PROVIDED DATA>
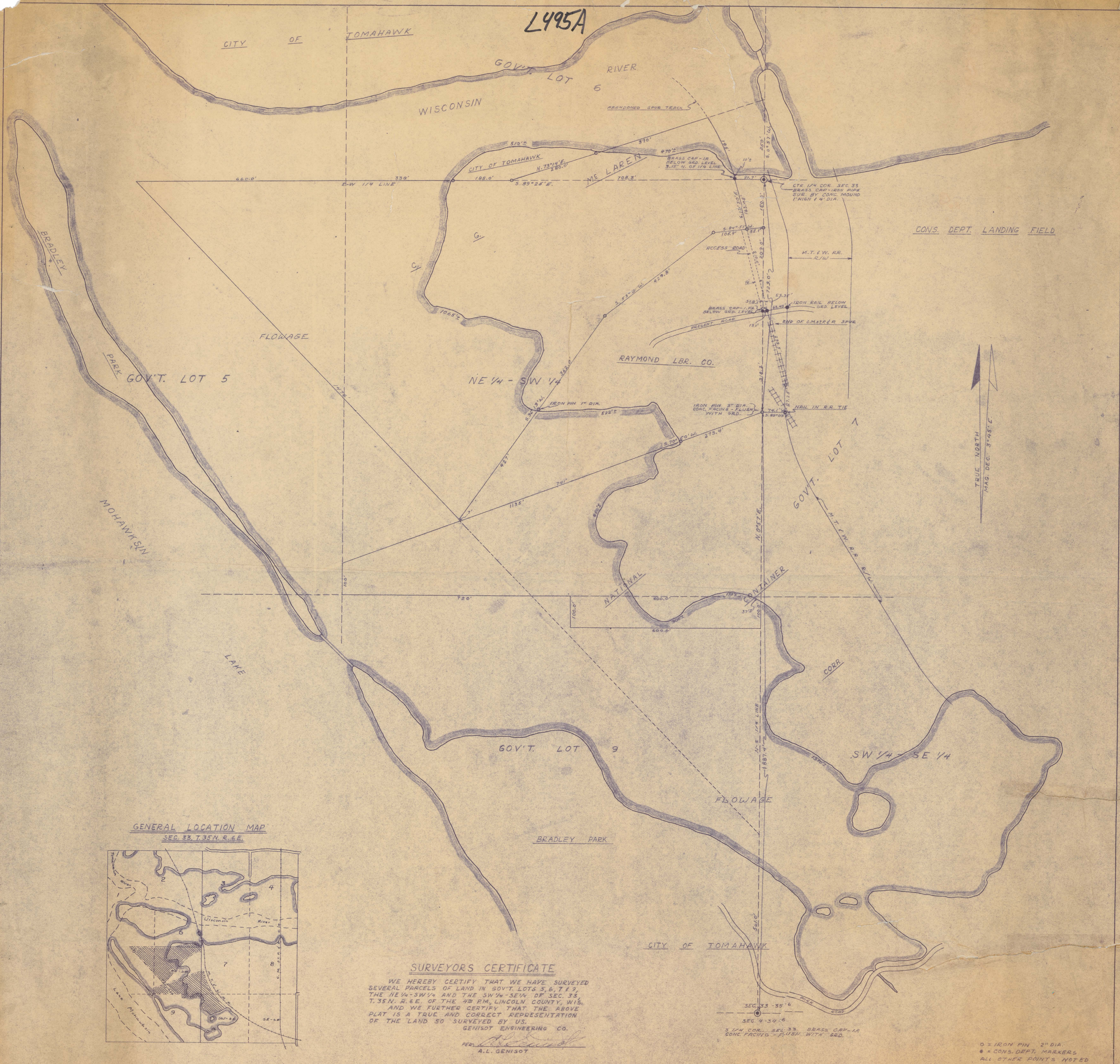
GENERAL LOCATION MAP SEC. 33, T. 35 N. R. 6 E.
* * *
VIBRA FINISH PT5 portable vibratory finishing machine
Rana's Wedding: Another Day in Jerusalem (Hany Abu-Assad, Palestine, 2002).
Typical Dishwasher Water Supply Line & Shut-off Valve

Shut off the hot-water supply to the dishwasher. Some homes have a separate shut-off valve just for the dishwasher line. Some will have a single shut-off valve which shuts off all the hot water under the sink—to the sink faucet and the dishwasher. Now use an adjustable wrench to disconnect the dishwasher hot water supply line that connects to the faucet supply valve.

THE TASK> Going through the data above, please tally the lines that contain the string "Shut" and return only the total.

SOLUTION TO THIS PROBLEM> 2